Шпонар не отступал, закованный в панцирь железной воли, одержимо исполнял свой долг. Самое страшное испытание ждало впереди.

О спасении дома нечего было и думать: с грохотом рушились прогоревшие перекрытия верхних этажей, дырявые, будто решето, потолки обваливались с глухим треском. В окне правого крыла на третьем этаже, охваченном огнем, собралось несколько человек: двое стариков, инвалид и молодая мать, прижавшая к груди младенца.

Пожарные под командой сержанта спешно готовили спасательный мешок, чтобы снять этих последних.

Вдруг в окне отчаянно закричала женщина. Несчастная, левой рукой прижимая к себе плачущего ребенка, правой показывала в глубь дома, откуда с невероятной быстротой надвигался бешеный пламенный хаос. Черно-желтые кудри едкого дыма на миг заволокли людей в окне.

Когда порывом ветра отогнало душную завесь, Шпонар оцепенел от ужаса.

Через окно змеиным изгибом перекинулась Красная Магда, длинными пламенистыми волосами поджигая уже растянутый спасательный мешок. Дьявольская улыбка пылала на ее губах, адская радость играла на лице в пурпурных кольцах волос…

— Господи Иисусе! — простонал Шпонар. — Сгинь, наваждение!

И, сотворив крестное знамение, он швырнул в Магду топорик.

Удар пришелся в голову. Раздался долгий, протяжный, леденящий душу вой.

Рдяный призрак отступил в глубину дома.

Сержант отер рукой лицо, повел вокруг безумным взглядом… Как-то вдруг сломался, поник. На помощь подоспели товарищи.

Пожар внезапно и быстро уступил, укрощенный, затих; насосы наконец одолели огонь. В шипящих брызгах воды, изрыгаемой брандспойтами, последних погорельцев спустили на землю.
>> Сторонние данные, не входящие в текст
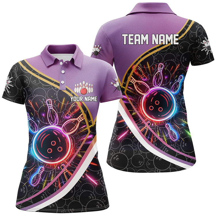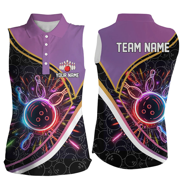 Purple Gradient Black Camo Women Sleeveless Polo Shirt Custom Colorful Neon Light Team Bowling
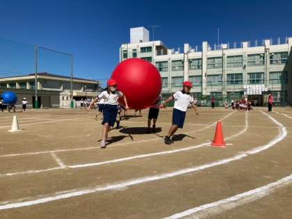 運動会までもう少し!キビキビとした動きで並んだり、大玉を運んだりと、気合が入っているのがわかりました。

Небо уже посерело, когда смертельно усталые, черные от дыма и копоти пожарные сняли лестницы. Последним, шатаясь, ступил на землю сержант Петр Шпонар…

Вдруг послышались крики. От догоравшего дома летело зловещее:

— Красная Магда! Красная Магда!

Сержант бросился к дому.

— Дорогу! Дорогу! Отец!

Длинный, мучительно длинный коридор сквозь толпу до самого обугленного входа в дом…

Под бичом испытующих взглядов, пошатываясь, словно пьяный, сержант безотчетно повернул налево к небольшой, чудом уцелевшей каморке. В углу, на тряпье, — окровавленный труп дочери; из рассеченной головы еще сочилась черная полузапекшаяся кровь.

— Доченька! Доченька моя! — выдохнул он.

И замертво рухнул наземь.

БЕЛЫЙ ВЫРАК (Быль из жизни трубочистов)

Юзефу Едличу посвящаю

Был я в те поры еще молодым подмастерьем, вот как вы, любезные мои, и работа ладно спорилась у меня в руках. Мастер Калина — упокой, Господи, справедливую душу его — не раз говаривал: тебе, мол, первому после меня надлежит заступить мастером, и величал меня не иначе, как гордостью цеха трубочистов. И в самом деле, ноги у меня были сильные, а локтями я упирался в дымволоке крепко — мало кто так умеет.

На третьем году службы получил я в помощь двух молодых парней и начал обучать их ремеслу. Вместе с мастером было нас семеро; кроме меня Калина держал еще двух подмастерьев и трех учеников на подручных работах.

Жили мы дружно. В праздники и воскресные дни собирались всей братией у мастера потолковать за пивом, а зимой — около печки за горячим чаем, песни пели, все новости обговаривали, смотришь, нежданно-негаданно вечер спустился, будто гиря со щеткой в обрывистую горловину печного дымохода.

Калина — человек грамотный, разумный, свет повидал, не один дымоход, как говорится, вычистил. Был немного философом, книги весьма даже уважал, газету для трубочистов издавать собирался. Однако в делах веры не мудрствовал лукаво, а, как быть положено, с покорностию почитал Святого Флориана, нашего покровителя.

После мастера прилепился я всей душой к младшему подмастерью, Юзеку Бедроню, — парнишка чистое золото, полюбился он мне за доброе, приветное, как у ребенка, сердце. Да недолго пришлось радоваться дружбе с милым пареньком!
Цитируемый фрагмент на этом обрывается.